Transcribe all of the data exactly. Images stay out.
++++ The input
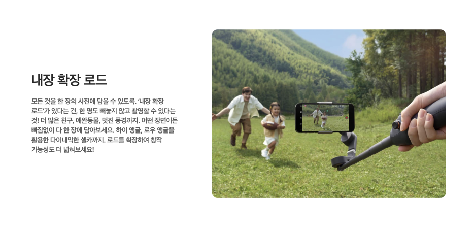 기존 OM5와 마찬가지로 OM6 역시 확장 로드로 셀카봉 용도로 다양한 앵글 촬영이 가능한데요.
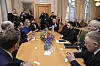 Zelenskyj ble tatt imot på rød løper utenfor Stortinget av stortingspresident Masud Gharahkhani (Ap) rundt klokka 9.15 og dro videre i møte med ham. I løpet av besøket på Stortinget var det også planlagt et møte med de parlamentariske lederne.
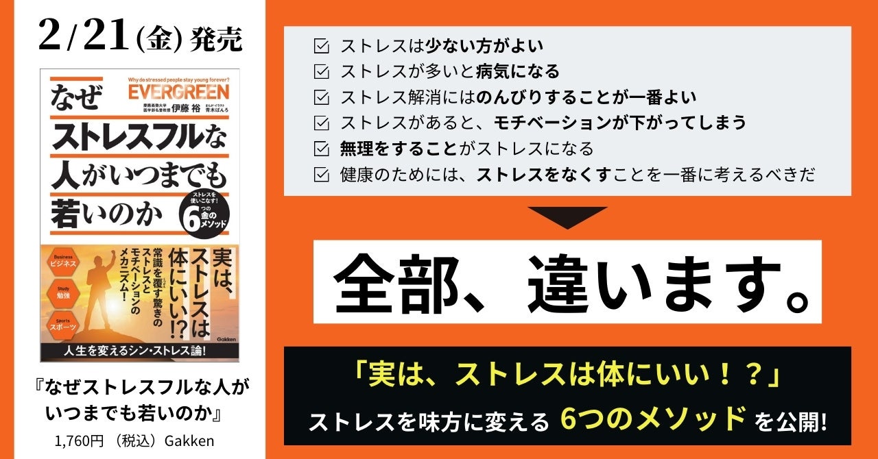株式会社 学研ホールディングス(東京・品川/代表取締役社長:宮原博昭)のグループ会社、株式会社 Gakken(東京・品川/代表取締役社長:南條達也)は、2025年2月21日(金)に、『なぜストレスフルな人がいつまでも若いのか』(著:伊藤裕)を発売いたしました。
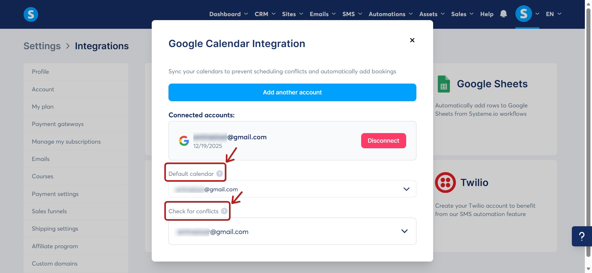 - You can integrate multiple Google Calendar accounts into your systeme.io account.
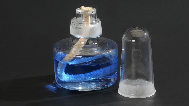 Opis produktu: Szklany palnik spirytusowy z trójnogiem i płytką metalową
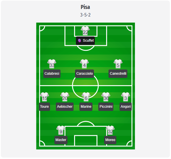 Pisa, still searching for a stable tactical balance in Serie A, are likely to stick with a 3-5-2 formation, with Scuffet in goal behind a back three of Calabresi, Caracciolo, and Canestrelli. Marin should once again be the central playmaker in midfield, flanked by Aebischer and Touré, while Piccinini and Angori provide width. Meister and Moreo are expected to lead the attack up front. Denoon is likely to be out with an ankle problem, Cuadrado and Stengs remain unavailable, and Nzola is suspended for three Serie A games after receiving a red card against Parma. This limits Pisa’s options on the right side and in attacking depth, which is why players such as Léris or Tramoni could be the most important alternatives from the bench.
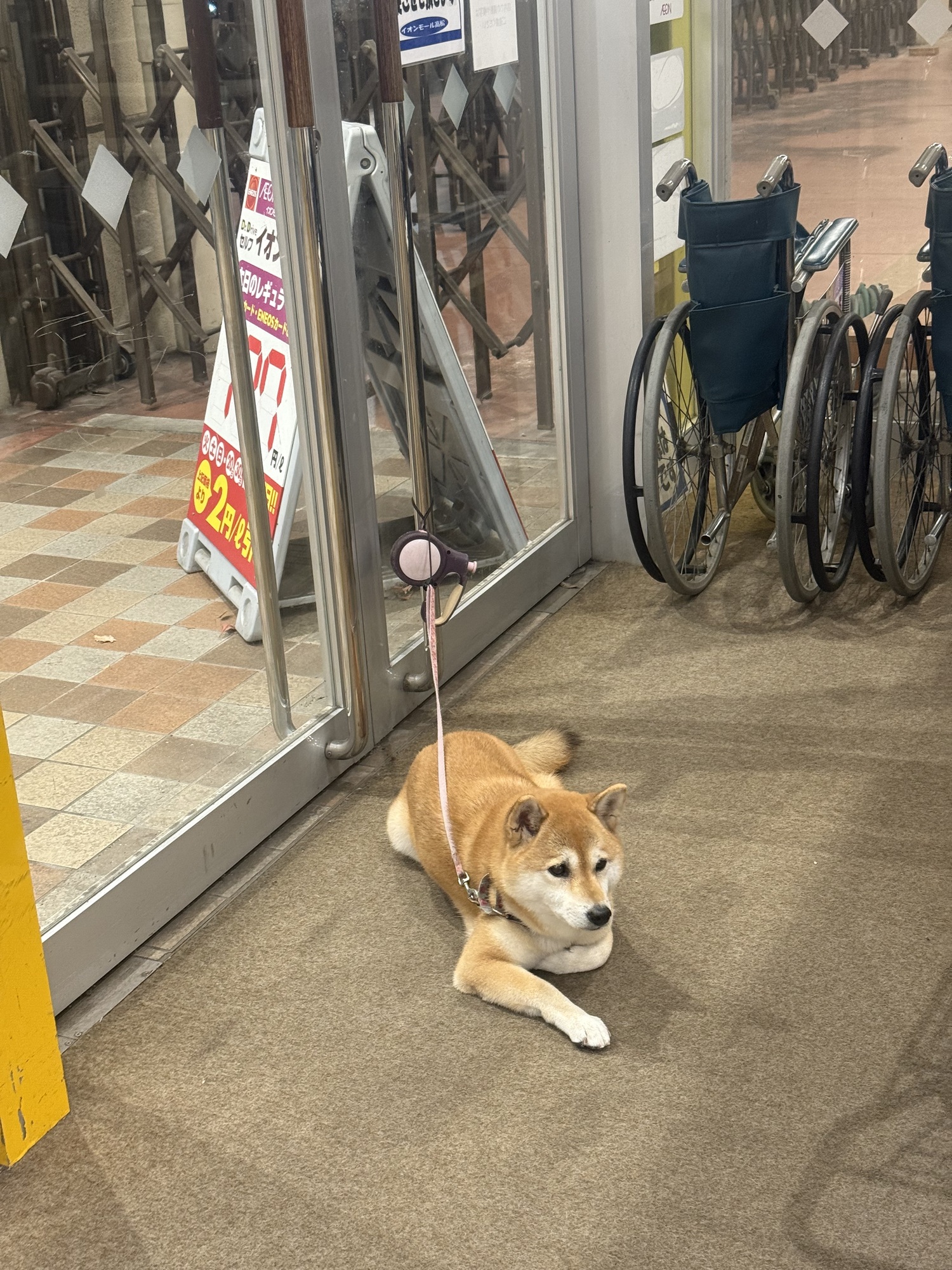 We rode our trikes to a mall to visit a Montbell outdoor store. We needed a few things. As dogs aren’t allowed, this forlorn looking fellow was waiting patiently for his owner. We tried to chat with him, but he kept his eyes focused on a possible sighting of his owner.
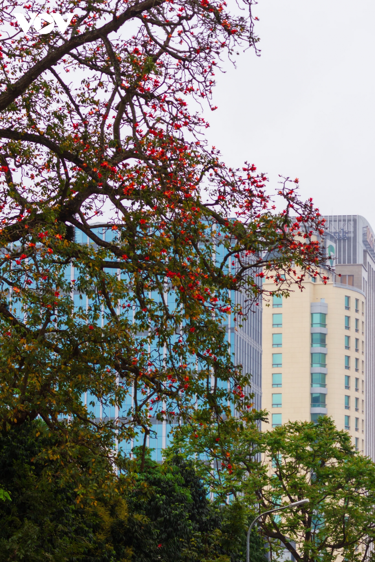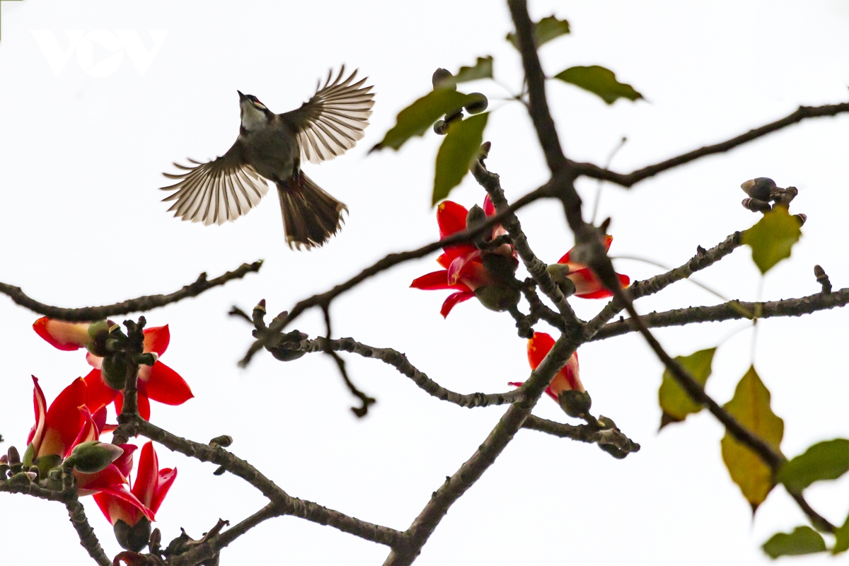 Những bông hoa gạo nở đỏ rực như những đốm lửa nhỏ trên những cành cây
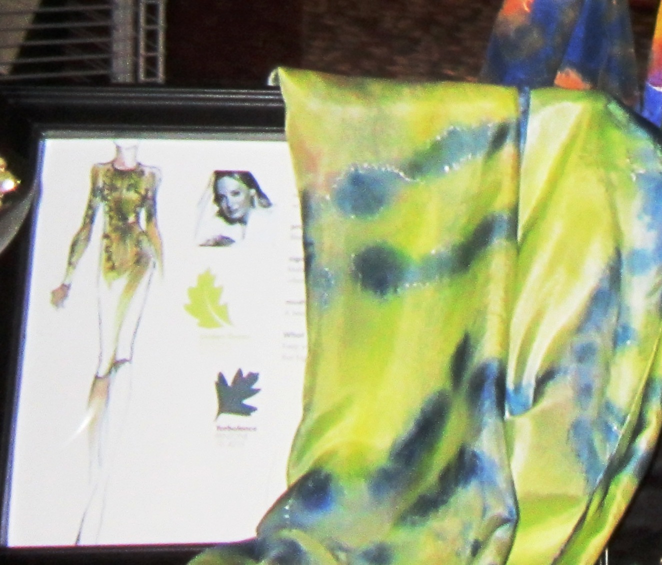And to showcase them at TAA, I bought 8×10 frames, and framed each of the designer concepts, then gently draped my scarf over a corner of the frame. This created some buzz… however i can;t tell you how many people wanted to know if I have the skirt at the left drawing for sale. (Me, sewing designer clothing, i highly doubt it!!!) After I explained the concept they often were more fascinated. At the left is the Samba and blue (turbulence) scarf with silver metallic resist to accent the pattern. This was tried on by so many people, and finally one woman stopped right in front of it and just stared. I asked her if i could help…. she said “Oh My, this is my sister’s style… i can see her carrying these bold colors with her lovely brunette hair and soft complexion… i will take it.” She never looked at the price tag… said she was surprised it was not as expensive as she expected. wow. blown away that this work connected with someone… this is my hope, to appeal to people who can see themselves or someone else wear my creations in their style.
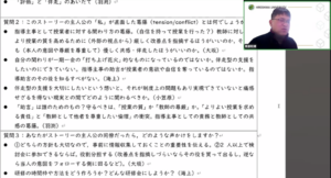 「演習パート①」では,論文執筆を通して形成された関係性を基盤に,自身のアイデンティティや規範,価値観をメタ認知し,再構築するための活動として「ストーリー法」が導入されました。草原教授より趣旨説明があり,人は自身の価値観や信念といった「レンズ」を通して世界を見ているというメタファーが紹介されました。レンズを完全に捨てることはできないものの,葛藤の物語(ストーリー)を読み書きし,話し合うことを通して,その特性を自覚(メタ認知)し,別の見方や行動の可能性を探ることは可能であると説明されました。
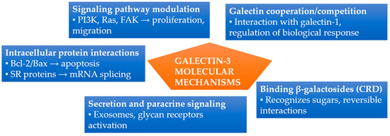 The main molecular mechanisms described above are briefly summarized and illustrated in Figure 1. Galectin-3’s CRD binds β-galactosides reversibly [4]. Intracellularly, gal-3 modulates apoptosis via Bax/Bcl-2 interaction and regulates mRNA splicing through SR proteins [8,28]. It also interacts with PI3K, Ras, and FAK kinases, affecting proliferation and migration. Extracellular secretion occurs via exosomes, mediating paracrine signaling through glycan receptor activation [8]. Additionally, gal-3 cooperates or competes with galectin-1, modulating biological responses [4,55].
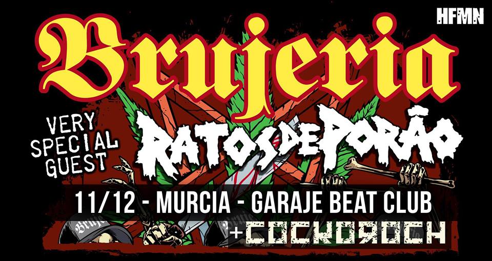 Brujería estarán aquí en plena gira al rededor del mundo que los vuelve a traer tras su ultimo disco Pocho Aztlan, que salió a la luz el pasado año 2016. Descargarán sobre el escenario toda su artillería cargada de muerte, violencia, podredumbre y venganza con su característico y salvaje grindcore y death metal. Vendrán bien acompañados junto a los brasileños Ratos de Porao con su bestial hardcore punk. Pero primeramente tendremos la actuación de nuestros ya conocidos cerditos grindcoretas, los murcianos Cockoroch, que se unían a este evento hace poco y vendrán a gruñirnos muy salvajemente presentando su nuevo álbum Vegecide.
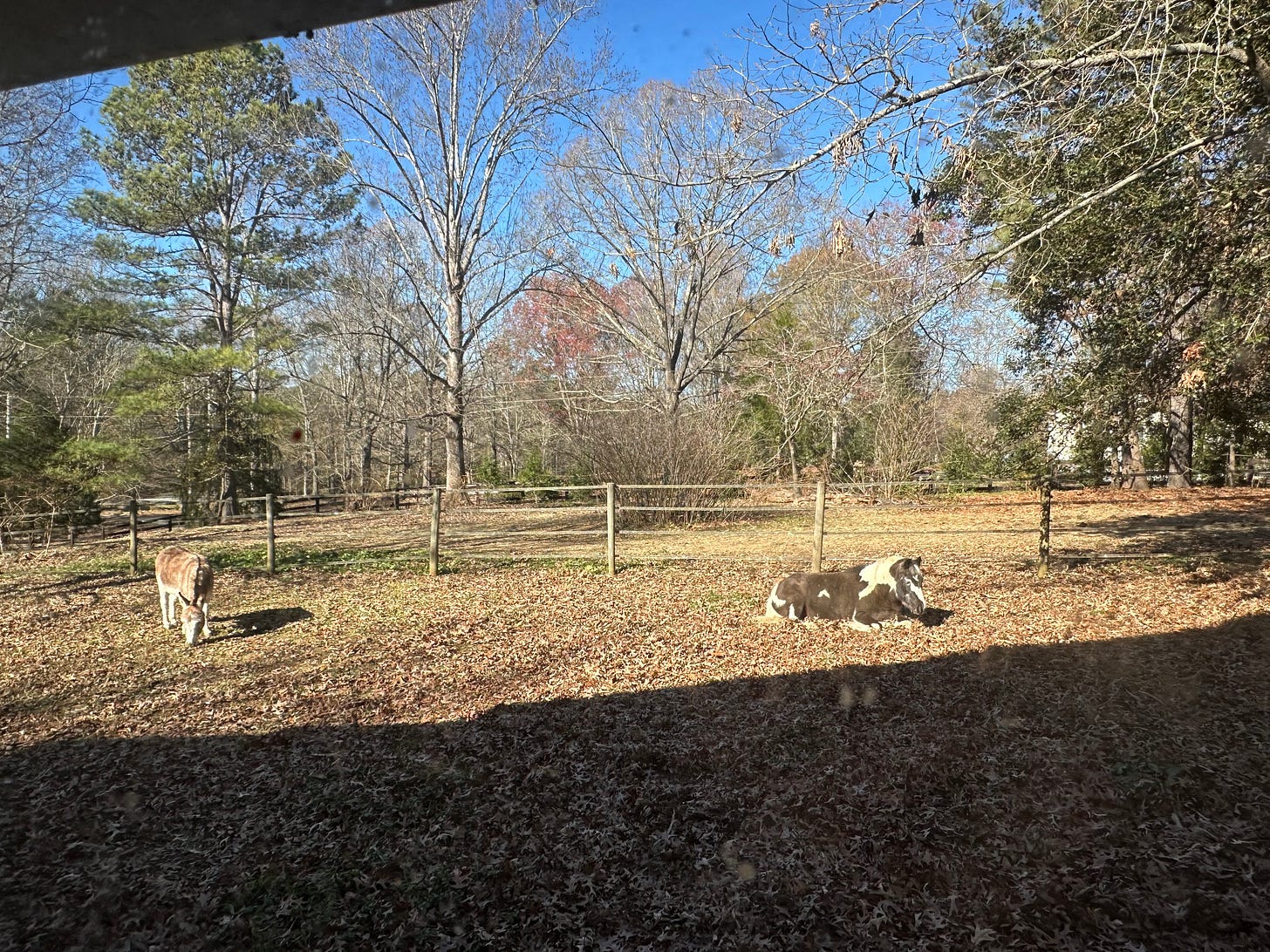 The view out my bedroom window. A winter morning with evergreens, the bones of trees, a blue sky, and two supremely handsome fellows. This is how close they are to me and I love it so much.
++++++++
Output =
 기존 OM5와 마찬가지로 OM6 역시 확장 로드로 셀카봉 용도로 다양한 앵글 촬영이 가능한데요.
 Zelenskyj ble tatt imot på rød løper utenfor Stortinget av stortingspresident Masud Gharahkhani (Ap) rundt klokka 9.15 og dro videre i møte med ham. I løpet av besøket på Stortinget var det også planlagt et møte med de parlamentariske lederne.
株式会社 学研ホールディングス(東京・品川/代表取締役社長:宮原博昭)のグループ会社、株式会社 Gakken(東京・品川/代表取締役社長:南條達也)は、2025年2月21日(金)に、『なぜストレスフルな人がいつまでも若いのか』(著:伊藤裕)を発売いたしました。
 - You can integrate multiple Google Calendar accounts into your systeme.io account.
 Opis produktu: Szklany palnik spirytusowy z trójnogiem i płytką metalową
 Pisa, still searching for a stable tactical balance in Serie A, are likely to stick with a 3-5-2 formation, with Scuffet in goal behind a back three of Calabresi, Caracciolo, and Canestrelli. Marin should once again be the central playmaker in midfield, flanked by Aebischer and Touré, while Piccinini and Angori provide width. Meister and Moreo are expected to lead the attack up front. Denoon is likely to be out with an ankle problem, Cuadrado and Stengs remain unavailable, and Nzola is suspended for three Serie A games after receiving a red card against Parma. This limits Pisa’s options on the right side and in attacking depth, which is why players such as Léris or Tramoni could be the most important alternatives from the bench.
 We rode our trikes to a mall to visit a Montbell outdoor store. We needed a few things. As dogs aren’t allowed, this forlorn looking fellow was waiting patiently for his owner. We tried to chat with him, but he kept his eyes focused on a possible sighting of his owner.
 Những bông hoa gạo nở đỏ rực như những đốm lửa nhỏ trên những cành cây
And to showcase them at TAA, I bought 8×10 frames, and framed each of the designer concepts, then gently draped my scarf over a corner of the frame. This created some buzz… however i can;t tell you how many people wanted to know if I have the skirt at the left drawing for sale. (Me, sewing designer clothing, i highly doubt it!!!) After I explained the concept they often were more fascinated. At the left is the Samba and blue (turbulence) scarf with silver metallic resist to accent the pattern. This was tried on by so many people, and finally one woman stopped right in front of it and just stared. I asked her if i could help…. she said “Oh My, this is my sister’s style… i can see her carrying these bold colors with her lovely brunette hair and soft complexion… i will take it.” She never looked at the price tag… said she was surprised it was not as expensive as she expected. wow. blown away that this work connected with someone… this is my hope, to appeal to people who can see themselves or someone else wear my creations in their style.
 「演習パート①」では,論文執筆を通して形成された関係性を基盤に,自身のアイデンティティや規範,価値観をメタ認知し,再構築するための活動として「ストーリー法」が導入されました。草原教授より趣旨説明があり,人は自身の価値観や信念といった「レンズ」を通して世界を見ているというメタファーが紹介されました。レンズを完全に捨てることはできないものの,葛藤の物語(ストーリー)を読み書きし,話し合うことを通して,その特性を自覚(メタ認知)し,別の見方や行動の可能性を探ることは可能であると説明されました。
 The main molecular mechanisms described above are briefly summarized and illustrated in Figure 1. Galectin-3’s CRD binds β-galactosides reversibly [4]. Intracellularly, gal-3 modulates apoptosis via Bax/Bcl-2 interaction and regulates mRNA splicing through SR proteins [8,28]. It also interacts with PI3K, Ras, and FAK kinases, affecting proliferation and migration. Extracellular secretion occurs via exosomes, mediating paracrine signaling through glycan receptor activation [8]. Additionally, gal-3 cooperates or competes with galectin-1, modulating biological responses [4,55].
 Brujería estarán aquí en plena gira al rededor del mundo que los vuelve a traer tras su ultimo disco Pocho Aztlan, que salió a la luz el pasado año 2016. Descargarán sobre el escenario toda su artillería cargada de muerte, violencia, podredumbre y venganza con su característico y salvaje grindcore y death metal. Vendrán bien acompañados junto a los brasileños Ratos de Porao con su bestial hardcore punk. Pero primeramente tendremos la actuación de nuestros ya conocidos cerditos grindcoretas, los murcianos Cockoroch, que se unían a este evento hace poco y vendrán a gruñirnos muy salvajemente presentando su nuevo álbum Vegecide.
 The view out my bedroom window. A winter morning with evergreens, the bones of trees, a blue sky, and two supremely handsome fellows. This is how close they are to me and I love it so much.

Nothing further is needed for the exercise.